[
https://issues.apache.org/jira/browse/YARN-8331?page=com.atlassian.jira.plugin.system.issuetabpanels:comment-tabpanel&focusedCommentId=16573432#comment-16573432
]
Jason Lowe commented on YARN-8331:
----------------------------------
Thanks for the patch, [~pradeepambati]!
In ContainersLauncher the exit code of a container that never launched should
not be SUCCESS. It should be treated the same as it is done in
ContainerLaunch#validateContainerState when a container is killed before it is
launched, and the error message should match as well since it's the same type
of scenario.
Now that ContainersLauncher is sending the killed on request event even when it
doesn't think the container is being launched or running at all, do we need to
add some event handling for CONTAINER_KILLED_ON_REQUEST to more states
following KILLING? I'm thinking it is now possible for ContainerImpl to
receive multiple of these which the state machine does not expect. For example
consider the following scenario:
# Container in SCHEDULED state waiting for LAUNCHED event
# Container receives KILL event and sends kill to launcher
# In the meantime container proceeds to launch a very quick process and
LAUNCHED is sent to the container. Event is ignored because the container is
in KILLING state.
# Process runs extremely fast, so launcher sends CONTAINER_EXITED_WITH_SUCCESS
event to the container and clears container from ContainersLauncher.
# Container receives exit success event in the KILLING state and moves to the
EXITED_WITH_SUCCESS state.
# Launcher now finally receives the request to kill the container, but the
container is no longer being tracked. KILLED_ON_REQUEST is sent to the
container as part of this patch.
# Container receives KILLED_ON_REQUEST event in the EXITED_WITH_SUCCESS state
which is an invalid transition. Similarly if it had progressed to the DONE
state it also would be an invalid state transition.
I think we need to add some no-op transitions in states that can occur after
KILLING if KILLED_ON_REQUEST is received to cover these race conditions.
The event field of LocalizationCleanupMatcher is not used and is not needed.
Checking for an instance of ContainerLocalizationCleanupEvent means we are also
verifying the event type is CLEANUP_CONTAINER_RESOURCES. Alternatively
LocalizationCleanupMatcher could check for instanceof
ContainerLocalizationEvent and verify the event is CLEANUP_CONTAINER_RESOURCES.
> Race condition in NM container launched after done
> --------------------------------------------------
>
> Key: YARN-8331
> URL: https://issues.apache.org/jira/browse/YARN-8331
> Project: Hadoop YARN
> Issue Type: Bug
> Affects Versions: 3.1.0, 2.9.1, 3.0.2
> Reporter: Yang Wang
> Assignee: Pradeep Ambati
> Priority: Major
> Attachments: YARN-8331.001.patch
>
>
> When a container is launching, in ContainerLaunch#launchContainer, state is
> SCHEDULED,
> kill event was sent to this container, state : SCHEDULED->KILLING->DONE
> Then ContainerLaunch send CONTAINER_LAUNCHED event and start the container
> processes. These absent container processes will not be cleaned up anymore.
>
> {code:java}
> 2018-05-21 13:11:56,114 INFO [Thread-11] nodemanager.NMAuditLogger
> (NMAuditLogger.java:logSuccess(94)) - USER=nobody OPERATION=Start Container
> Request TARGET=ContainerManageImpl RESULT=SUCCESS
> APPID=application_0_0000 CONTAINERID=container_0_0000_01_000000
> 2018-05-21 13:11:56,114 INFO [NM ContainerManager dispatcher]

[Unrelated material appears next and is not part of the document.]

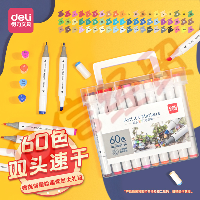 得力(deli)雙頭馬克筆套裝60色 手繪廣告設(shè)計(jì)動(dòng)漫畫畫創(chuàng)作學(xué)生兒童美術(shù)生專用繪畫美術(shù)用品六一禮物 70802-60 自營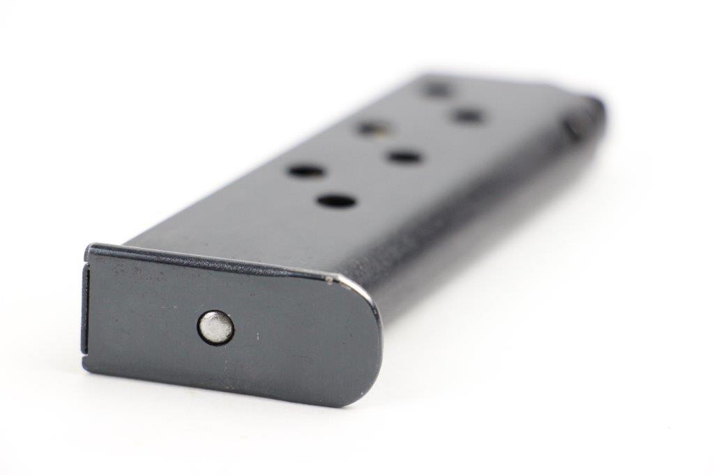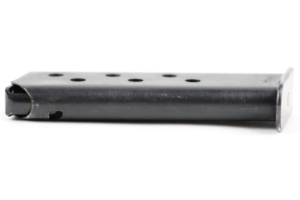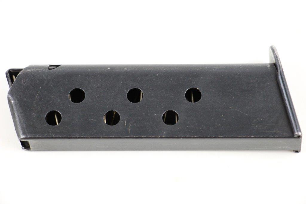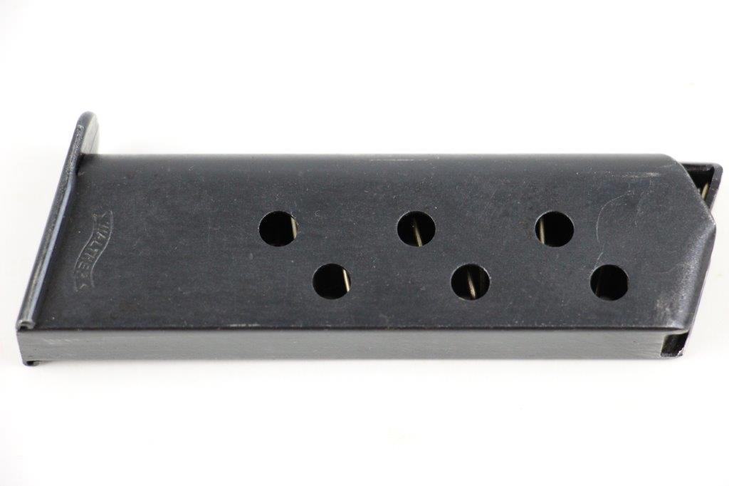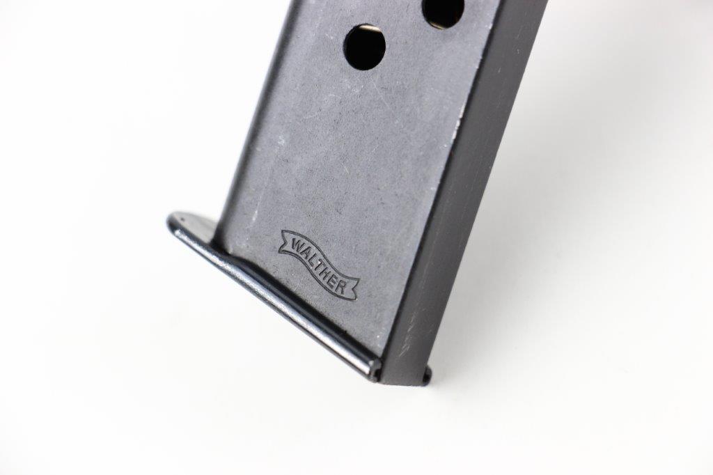 6/3/24 – This is an excellent condition, early WW2 wartime production (transitional) Walther PPK magazine. The magazine is transitional due to the dull wartime blued finish, but early style Walther banner stamp on the left side of the tube. Excellent finish throughout with minimal finish loss and a fully functional spring.

> application.ApplicationImpl (ApplicationImpl.java:handle(632)) - Application
> application_0_0000 transitioned from NEW to INITING
> 2018-05-21 13:11:56,114 INFO [NM ContainerManager dispatcher]
> application.ApplicationImpl (ApplicationImpl.java:transition(446)) - Adding
> container_0_0000_01_000000 to application application_0_0000
> 2018-05-21 13:11:56,118 INFO [NM ContainerManager dispatcher]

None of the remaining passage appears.